First we need the standard import



In [1]:

    
%pylab inline









    



Populating the interactive namespace from numpy and matplotlib



In [2]:

    
from classy import *









    



Keras not installed
Version:  0.0.19

Load the Data



In [3]:

    
data=load_excel('data/iris.xls',verbose=True)









    



iris.data 151 5
150 vectors of length 4
Feature names: 'petal length in cm', 'petal width in cm', 'sepal length in cm', 'sepal width in cm'
Target values given.
Target names: 'Iris-setosa', 'Iris-versicolor', 'Iris-virginica'
Mean:  [3.75866667 1.19866667 5.84333333 3.054     ]
Median:  [4.35 1.3  5.8  3.  ]
Stddev:  [1.75852918 0.76061262 0.82530129 0.43214658]

Look at the data

it's a good idea to look at the data a little bit, know the shapes, etc...



In [4]:

    
print(data.vectors.shape)
print(data.targets)
print(data.target_names)
print(data.feature_names)









    



(150, 4)
[0 0 0 0 0 0 0 0 0 0 0 0 0 0 0 0 0 0 0 0 0 0 0 0 0 0 0 0 0 0 0 0 0 0 0 0 0
 0 0 0 0 0 0 0 0 0 0 0 0 0 1 1 1 1 1 1 1 1 1 1 1 1 1 1 1 1 1 1 1 1 1 1 1 1
 1 1 1 1 1 1 1 1 1 1 1 1 1 1 1 1 1 1 1 1 1 1 1 1 1 1 2 2 2 2 2 2 2 2 2 2 2
 2 2 2 2 2 2 2 2 2 2 2 2 2 2 2 2 2 2 2 2 2 2 2 2 2 2 2 2 2 2 2 2 2 2 2 2 2
 2 2]
['Iris-setosa', 'Iris-versicolor', 'Iris-virginica']
['petal length in cm', 'petal width in cm', 'sepal length in cm', 'sepal width in cm']

since you can't plot 4 dimensions, try plotting some 2D subsets

I don't like the automatic placement of the legend, so lets set it manually



In [5]:

    
subset=extract_features(data,[0,2])
plot2D(subset,legend_location='upper left')

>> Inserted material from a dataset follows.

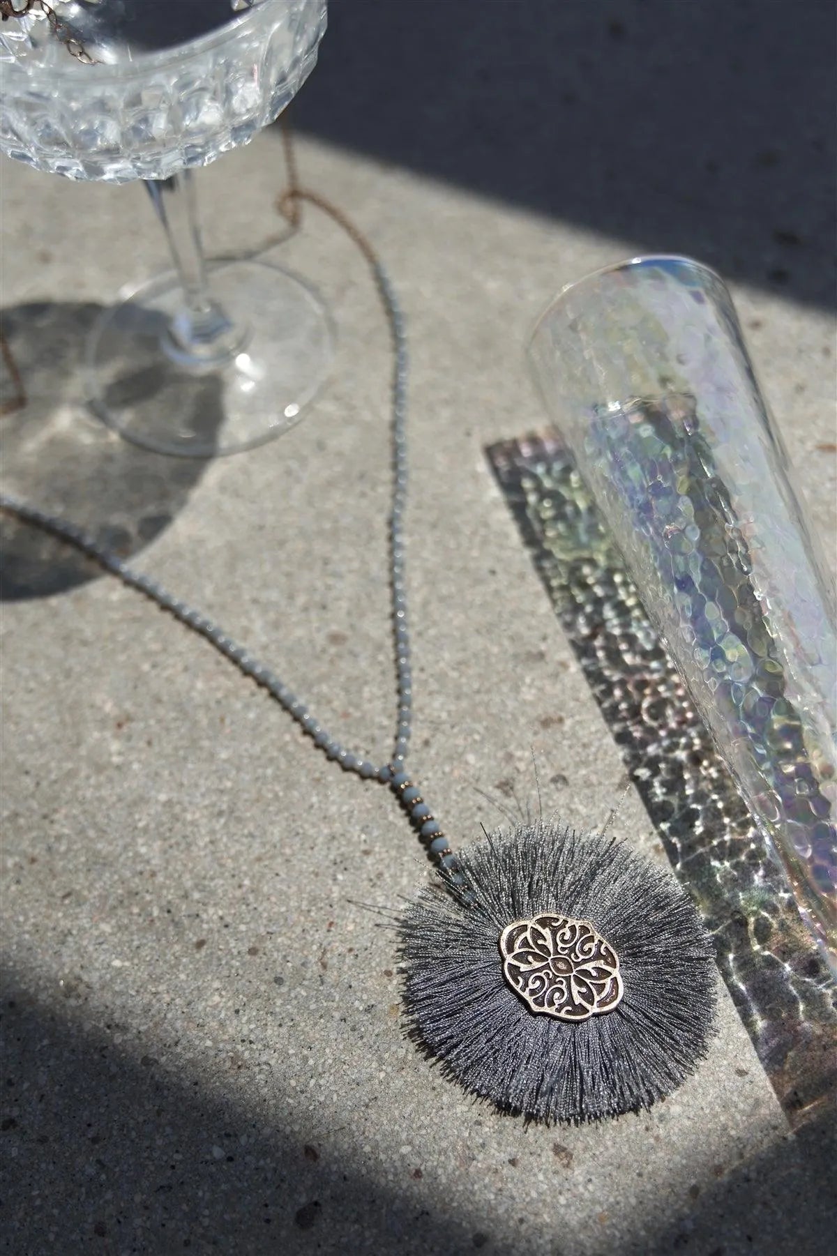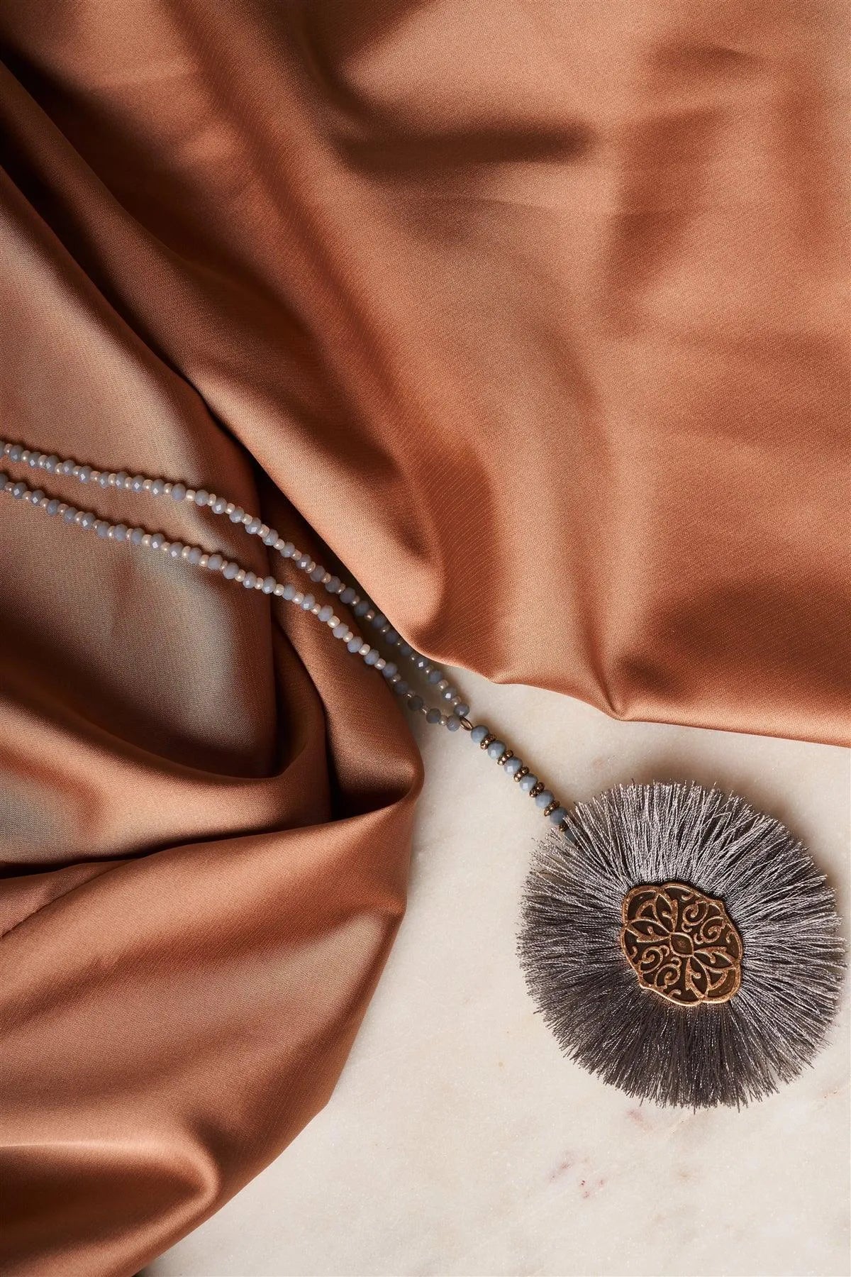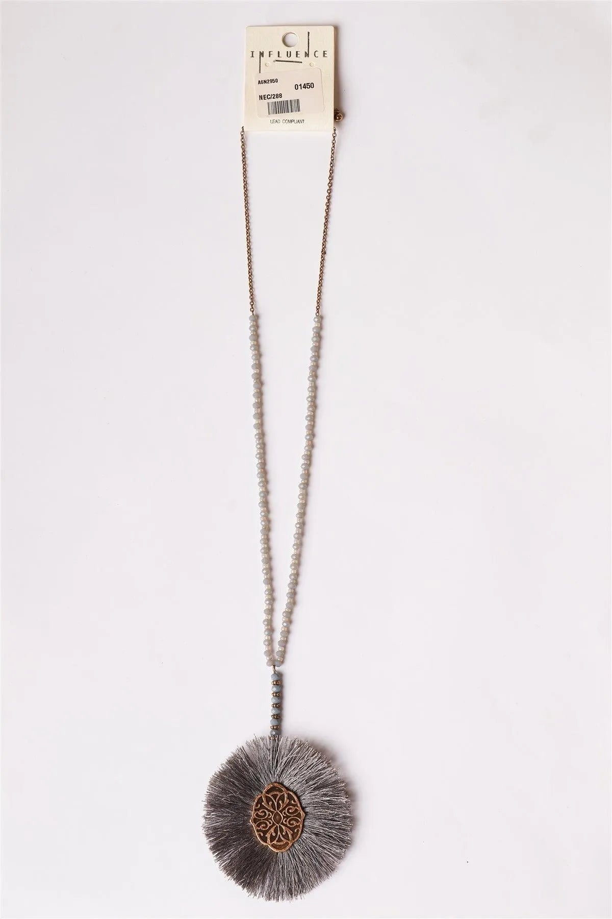 Grey Etched Tassel Pendant Necklace /3 Pieces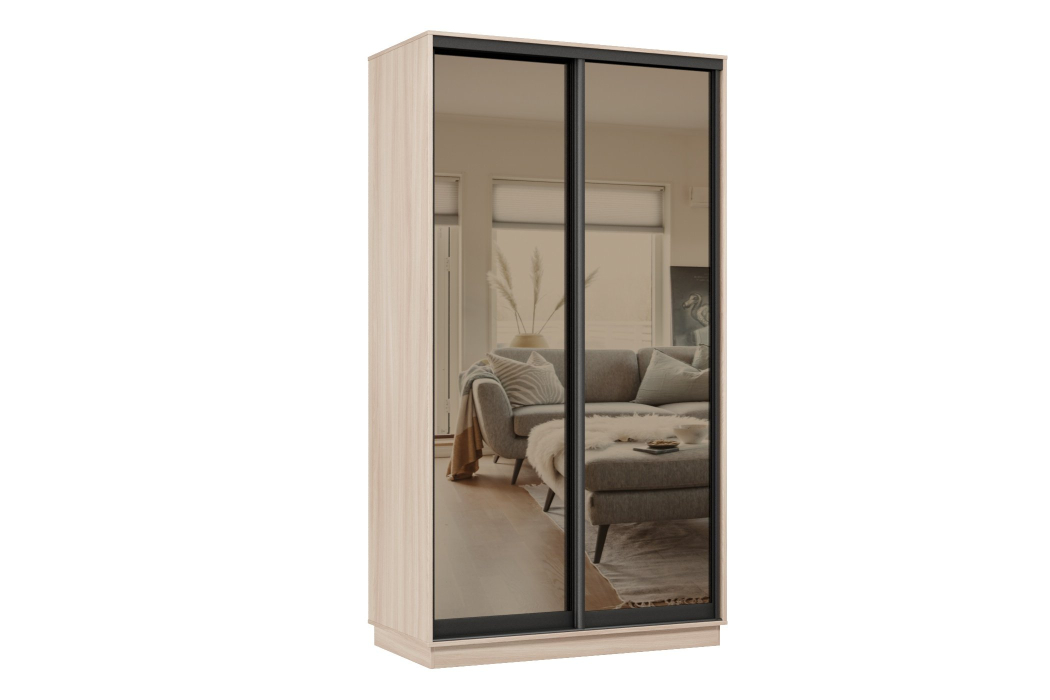 Отзывы о Столплит Шкаф-купе Премьер 02 (01ЗБ;01ЗБ) фасады зеркало бронза/двухдверный/Профиль чёрный муар Ясень шимо светлый

plot all of the combinations



In [6]:

    
plot_feature_combinations(data)

I don't want to do the classification on this subset, so make sure to use the entire data set.

Classification

First, we choose a classifier



In [7]:

    
C=NaiveBayes()

Split the data into test and train subsets...



In [8]:

    
data_train,data_test=split(data,test_size=0.2)









    



Original vector shape:  (150, 4)
Train vector shape:  (120, 4)
Test vector shape:  (30, 4)

...and then train...



In [9]:

    
timeit(reset=True)
C.fit(data_train.vectors,data_train.targets)
print("Training time: ",timeit())









    



Time Reset
Training time:  0.001149892807006836 seconds



In [10]:

    
print("On Training Set:",C.percent_correct(data_train.vectors,data_train.targets))
print("On Test Set:",C.percent_correct(data_test.vectors,data_test.targets))









    



On Training Set: 95.0
On Test Set: 100.0

some classifiers have properties that are useful to look at. Naive Bayes has means and stddevs...



In [11]:

    
C.means









    Out[11]:





array([[ 1.44473684,  0.23157895,  5.01578947,  3.42368421],
       [ 4.26428571,  1.33333333,  5.96666667,  2.80714286],
       [ 5.5225    ,  1.9975    ,  6.5475    ,  2.9625    ]])



In [12]:

    
C.stddevs









    Out[12]:





array([[ 0.02826178,  0.0100554 ,  0.13606649,  0.13496538],
       [ 0.2184864 ,  0.03888889,  0.26317461,  0.09113946],
       [ 0.32174375,  0.08074375,  0.44149375,  0.10334375]])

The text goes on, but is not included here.